Let's trace the backtracking function for nums = [1, 2, 3]:

  1. Step 1 (Root Call): backtrack(start=0, path=[]).
    • Add copy of path to result. result = [[]].
    • Loop starts at i = 0. Add nums[0] (1) to path. Path is now [1].
  2. Step 2 (Recurse i=0): Call backtrack(start=1, path=[1]).
    • Add copy: result = [[], [1]].
    • Loop starts at i = 1. Add nums[1] (2). Path is now [1, 2].
  3. Step 3 (Recurse i=1): Call backtrack(start=2, path=[1, 2]).
    • Add copy: result = [[], [1], [1, 2]].
    • Loop starts at i = 2. Add nums[2] (3). Path is now [1, 2, 3].
  4. Step 4 (Recurse i=2): Call backtrack(start=3, path=[1, 2, 3]).
    • Add copy: result = [[], [1], [1, 2], [1, 2, 3]].
    • Loop at start=3 doesn't run. Return.
  5. Step 5 (Backtrack from 3): In Step 3, we pop 3. Path goes back to [1, 2].
    • Loop for start=2 ends. Return.
  6. Step 6 (Backtrack from 2): In Step 2, we pop 2. Path goes back to [1].
    • Loop continues in Step 2 at i = 2. Add nums[2] (3). Path is now [1, 3].
    • Call backtrack(start=3, path=[1, 3]). Saves it. Returns. Pops 3.
  7. Step 7 (Continue Backtracking): The execution continues this way until all combinations are explored, ending with the collection of all 8 subsets.

Key Code Snippets & Explanations

Here is why the main logic in the solution is important:

  • res.add(new ArrayList<>(path));: Creates a deep copy of the active path. Since Java passes references by value, adding path directly would result in a list of empty lists at the end.
  • path.add(nums[i]); ... path.remove(path.size() - 1);: The backtrack sandwich.
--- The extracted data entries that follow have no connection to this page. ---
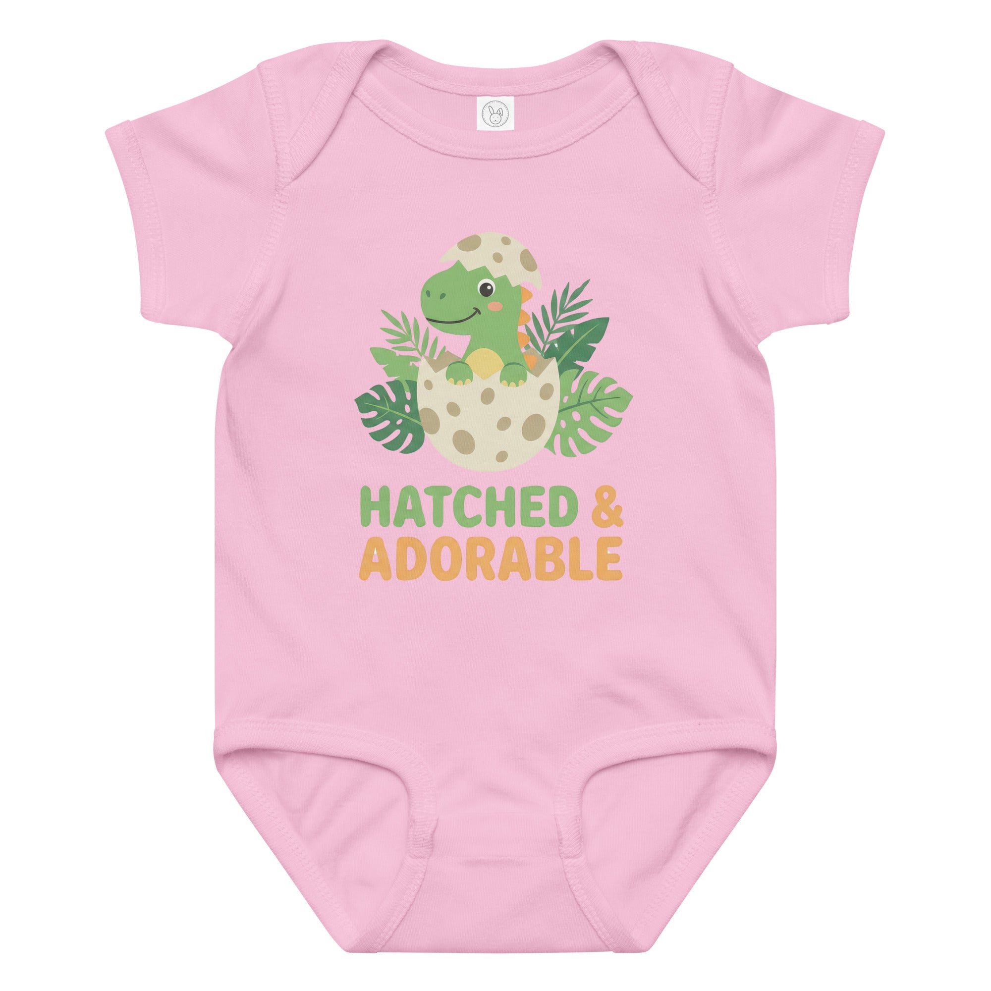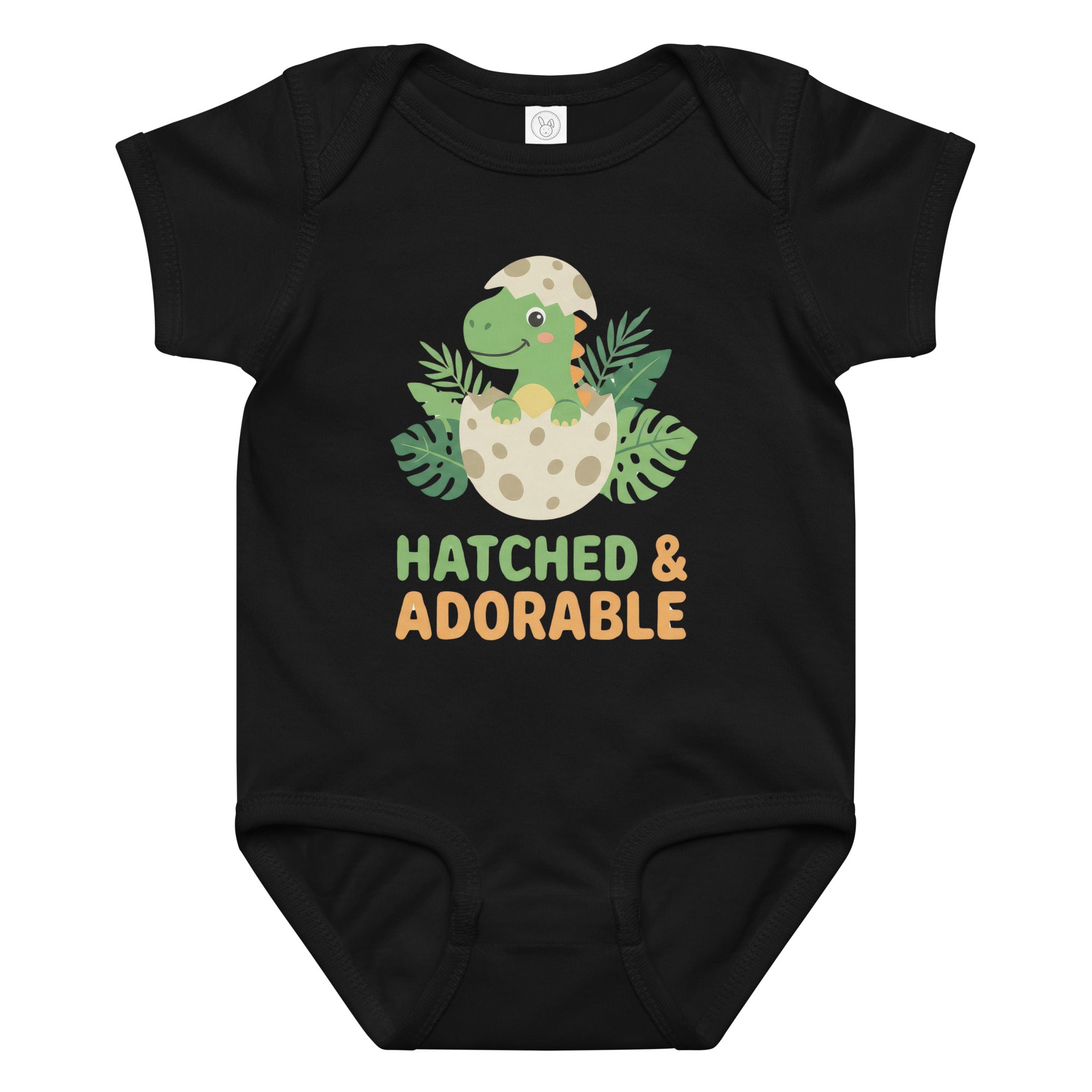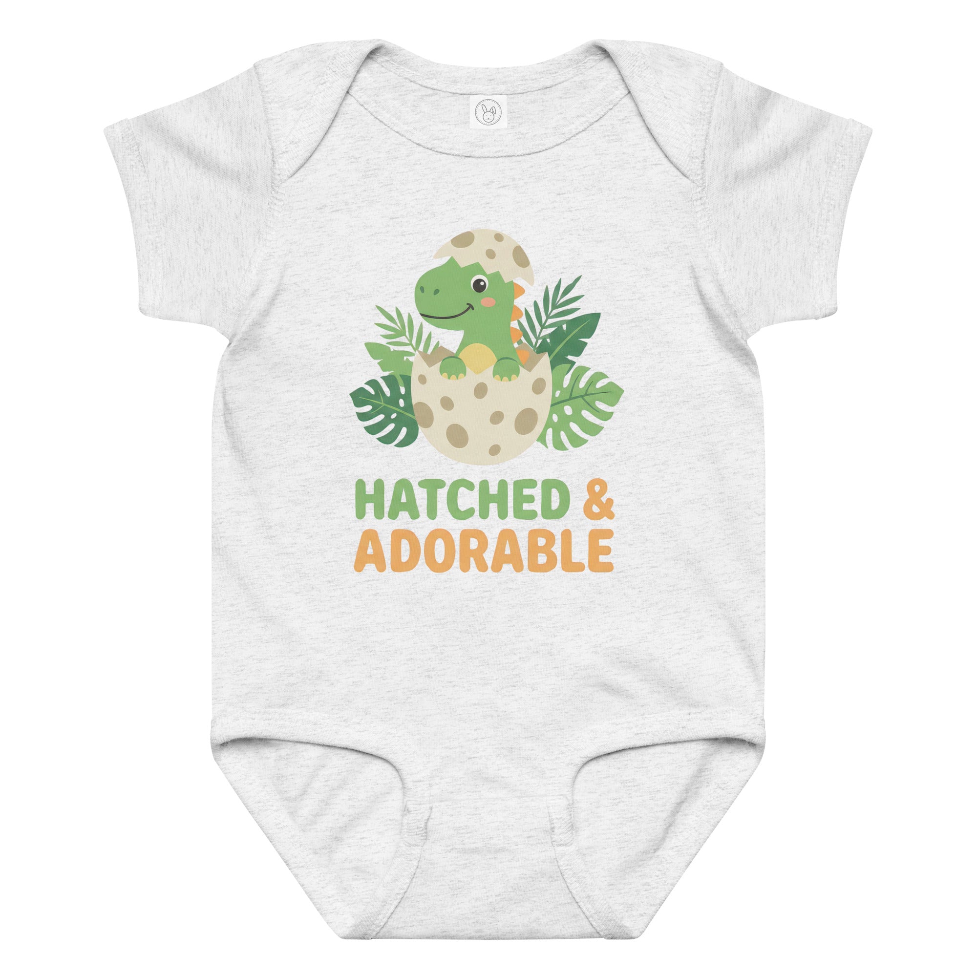 This charming baby jersey bodysuit features an adorable graphic of a tiny green dinosaur breaking out of a speckled egg, nestled among lush green tropical leaves. The design is enhanced by the playful phrase 'HATCHED & ADORABLE' in cheerful green and orange typography, perfectly capturing the sweet nature of your little one. It's an ideal choice for everyday wear or as a thoughtful gift, designed to keep your baby comfortable and stylish in this cozy Baby Jersey Bodysuit.
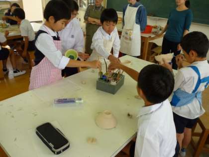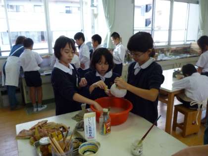 本日は陶芸体験の2回目。1回目と同じく,山名先生にご指導いただき,絵付けと釉(ゆう)がけをしました。絵付けは,立体でカーブしている面に描くので難しかったようですが,好きな色を使って一所懸命描いていました。絵が描けた子は,長石釉という焼き上がりに透明な色になる釉薬をかけました。山名先生がすぐに窯に入れてくださり,現在焼成中です。
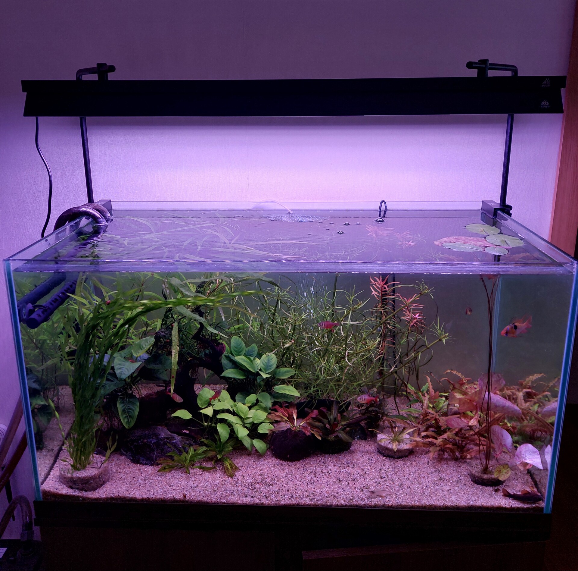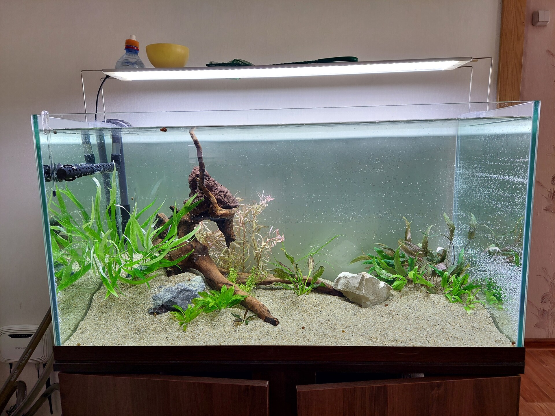 Gala17 5001 Жалоба Опубликовано 16 мая Итак, установила светильник. Высота, глубина выверены линейкой до миллиметра, угол поворота стоек - на глаз. ? Выглядит с непривычки монументально, если не сказать - монструозно, особенно в сравнении со стареньким сереньким чихом))) Но!! При первом же включении светильника аквариум заиграл красками! У меня никогда прежде не было таких красных рыб и растений! ? И это оказался всего лишь пресет Green! Поиграла пресетами и выставила свои настройки, начну с 45%, попробую еженедельно понемногу прибавлять. Что сказать? Я очень довольна! Спасибо всем коллегам, что словами и личными примерами убедили поменять свет. Нашла старую фотку с чихом ? Это год назад, сразу после перезапуска. А настройки пока такие 13 shkush, Nevidimka, Lemmonbri (Егор) и 10 люди отреагировали на это Поделиться сообщением Ссылка на сообщение
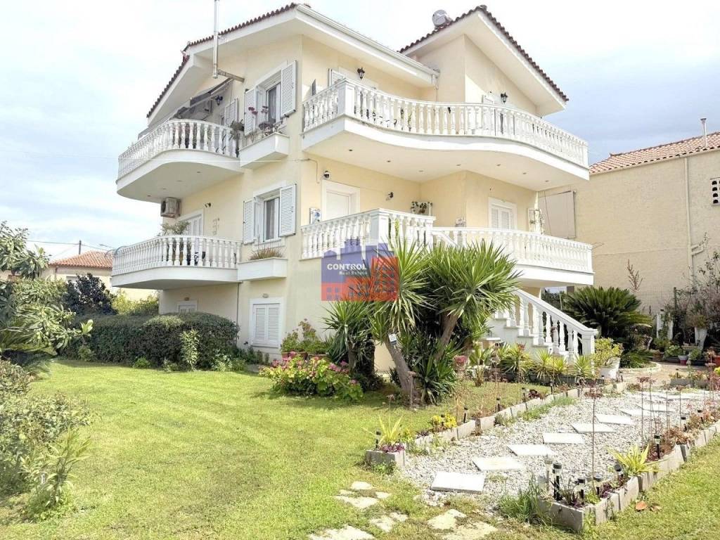 A, Monokatoikia 240 sq.m. in 600 sq.m. plot, 1st floor, county house, for investment, at residential area, for commercial use, year of construction 2003, polyteles, with view n/a, 3 b/r, 2 living rooms, 3 bathrooms, 2 kitchens, double-sided, front facing, bright, interior, heating n/a, air condition, with energy class N/A, with floor type plakaki, with n/a joinery, double glass pane, double glazing, veranda, garden, price 260.000€, code 2912
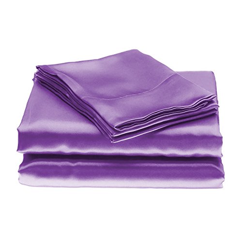 HOLIDAY SALE Evolive Silky Smooth Luxury Bed Satin Sheet Set(Full, Purple)

We explore all paths containing nums[i], and then clean up by removing it to test combinations without it.
  • backtrack(i + 1, ...);: Increments start boundary to guarantee we only move forward, preventing duplicate entries.

Java Implementation Code

Below is the complete, self-contained Java source code that solves this problem. It also includes a main method that traces the execution with console outputs.

package io.practise.dsa;

import java.util.ArrayList;
import java.util.Arrays;
import java.util.List;

public class Subsets {

    // Backtracking Search: Time O(2^N), Space O(N)
    public List<List<Integer>> subsets(int[] nums) {
        List<List<Integer>> result = new ArrayList<>();
        if (nums == null) {
            return result;
        }
        
        // Start backtracking from index 0
        backtrack(0, nums, new ArrayList<>(), result);
        return result;
    }

    private void backtrack(int start, int[] nums, List<Integer> path, List<List<Integer>> result) {
        // Add the current path subset to our result (must deep copy)
        result.add(new ArrayList<>(path));

        for (int i = start; i < nums.length; i++) {
            // 1. Choose: add current element
            path.add(nums[i]);

            // 2. Explore: recurse to next elements
            backtrack(i + 1, nums, path, result);

            // 3. Unchoose: backtrack by removing the last element
            path.remove(path.size() - 1);
        }
    }

    public static void main(String[] args) {
        Subsets solver = new Subsets();
        int[] nums = {1, 2, 3};

        System.out.println("--- Subsets (Power Set) Demonstration ---");
        System.out.println("Input Array: " + Arrays.toString(nums));
        List<List<Integer>> powerSet = solver.subsets(nums);
        System.out.println("Generated Subsets: " + powerSet);
    }
}

Conclusion

The Subsets problem is a classic introduction to state-space generation. By using backtracking, we recursively walk the decision tree, choosing to include or exclude elements, and build the entire power set in optimal time and memory.